PUSAとの出会いの瞬間は今でもよく覚えている。その1stアルバムが出た95年のある晩に、自分はバンドの練習に行くために車のハンドルを握って国道20号、甲州街道を走っていた。よく渋滞する下高井戸のあたりに差し掛かったとき、カーラジオから流れてきた知らないバンドのシンプルなアップテンポの曲に、自分は完全にガツーンとやられてしまったのだ。こういう衝撃の出会いのシーンをいくつか大切に覚えていて、この瞬間のことも一生忘れることはないだろう。

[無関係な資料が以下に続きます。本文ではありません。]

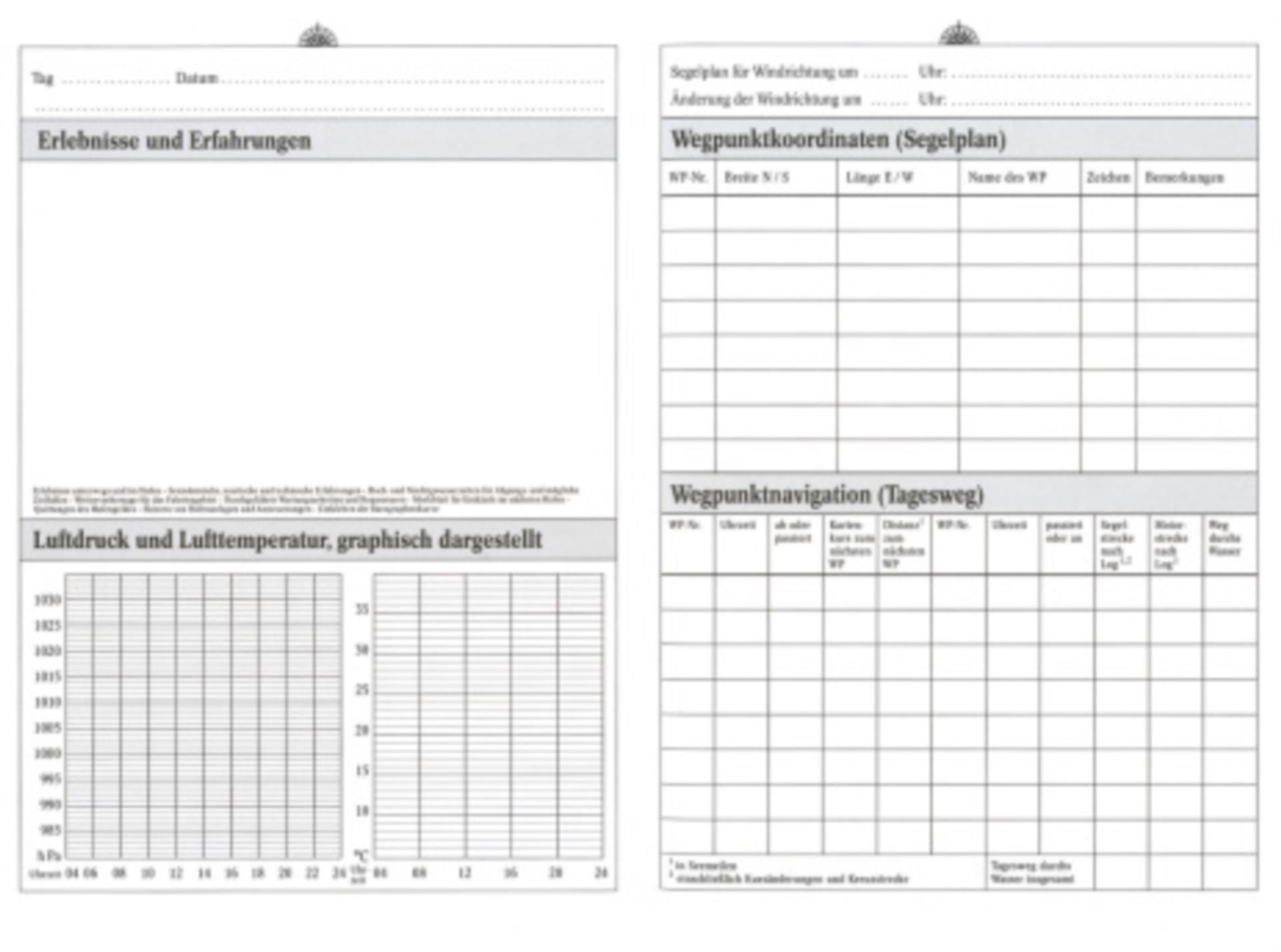 - ✅ Übersichtliche Eintragungen – für Wetter, Position, Crew & Törn-Details

あのときカーラジオから飛び出した「Lump」は、もちろんそのデビューアルバムに入っている。いま聴いても最高に格好いいし、ほかの曲も大好き。2弦ベースに3弦ギター、ドラムを加えたトリオで弦が合計5本だけ、というミニマルさを売りにしていたバンドだった。ヴォーカル・2弦ベースのクリス・バルーのヘアスタイルもミニマルで、コミカルな味のある90年代パンクバンドという佇まいだったが、本当はものすごく音楽的な実力が高いのにあえてシンプルなロックをやっている、初期のポリスみたいな連中だと思っている。来日公演に行ったら、当時はまだ聴いたことがなかった「ラジオスターの悲劇」のカバーをやっていて、会場で音を浴びながら、サビのコーラスでとても幸せな高揚感に満たされたのもよく覚えている。本当にいいバンドなのだ。

そして今、件のクラウドファンディングサイトを再びのぞいてみたら、一夜にして募金額はとっくに目標をぶっちぎっており、日本円で1000万円を突破。さすがPUSA、目標達成できるのか心配するまでもなかった。やはり自分のように彼らのことを一生忘れないファンは今でも世界に相当数いるのだ。クラウドファンディング大成功で、そのうち自分のもとにもグリーンのレコードが届くことになるだろう。